Let’s shift gears a bit. We’ve seen that we can store data in two ways so far. We can move raw data directly to a register (or presumable to a place on the stack. We can also move data onto the stack by decrementing the stack pointer (akin to allocating stack space) and referencing the memory therein via offsets to the stack base pointer (e.g. -4(%rbp) for 4 bytes at the beginning). Of course, this can’t be all there is since there only about a million bytes or so of stack space and a very limited number of registers to use. Let’s try interacting with the heap.

1
2
3
4
5
6
7
#include <cstdlib>
int main() {
    int *x = (int *) malloc(sizeof(int));
    int y = *x;
    free(x);
    return 0;
}

The relevant generated instructions are:

1
2
3
4
5
6
7
8
9
movl  $4, %edi
call  malloc
movq  %rax, -8(%rbp)
movq  -8(%rbp), %rax
movl  (%rax), %eax
movl  %eax, -12(%rbp)
movq  -8(%rbp), %rax
movq  %rax, %rdi
call  free

We see that malloc is called with a parameter of 4 in register %edi, the number of bytes to be allocated. This returns an 8-byte pointer in %rax which we immediately move into the stack. We then move the pointer from the stack back to %rax (super optimized right?). Note that because we are moving 8 bytes at a time in these instructions, we are using movq as opposed to movl.
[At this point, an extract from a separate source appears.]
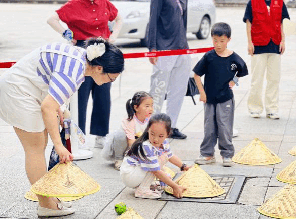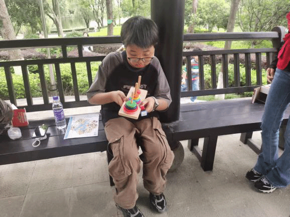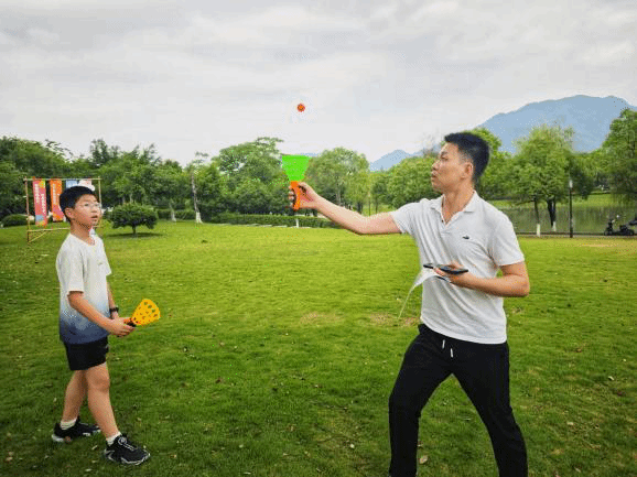 接下来每支亲子队伍手持定向地图,佩戴计时芯片,穿梭于校园的各个角落,寻找隐藏在南校区的“藏宝点”。在“拾‘色’筑塔”任务点,亲子二人需默契配合,手拉绳子末端,移动勾环将积木按“校友助力”“七彩筑塔”字样依次叠加 ;“色彩连连看”区域,孩子们和家长两两协作,专注地翻开草帽,寻找相同物品;“接‘彩’入框”游戏里,大家巧用道具,小心翼翼地将不同颜色的小球传接至指定框中……工作人员依据计时芯片记录的时间公布比赛成绩并为表现优异的队伍颁发奖励。

The next bit is somewhat interesting. We move (%rax) into %eax. The parentheses are used to say we are interested in what %rax points to, not %rax itself. If instead, we had tried to copy the pointer (i.e. int *y = x;), the generated assembly would have been movq %rax, -16(%rbp). We then immediately move %eax into the stack.

Finally, we restore our pointer x to %rax, copy it to %rdi as a parameter to free, and call free to reclaim our memory. Already, you should start to appreciate the importance on having optimizations on in production code.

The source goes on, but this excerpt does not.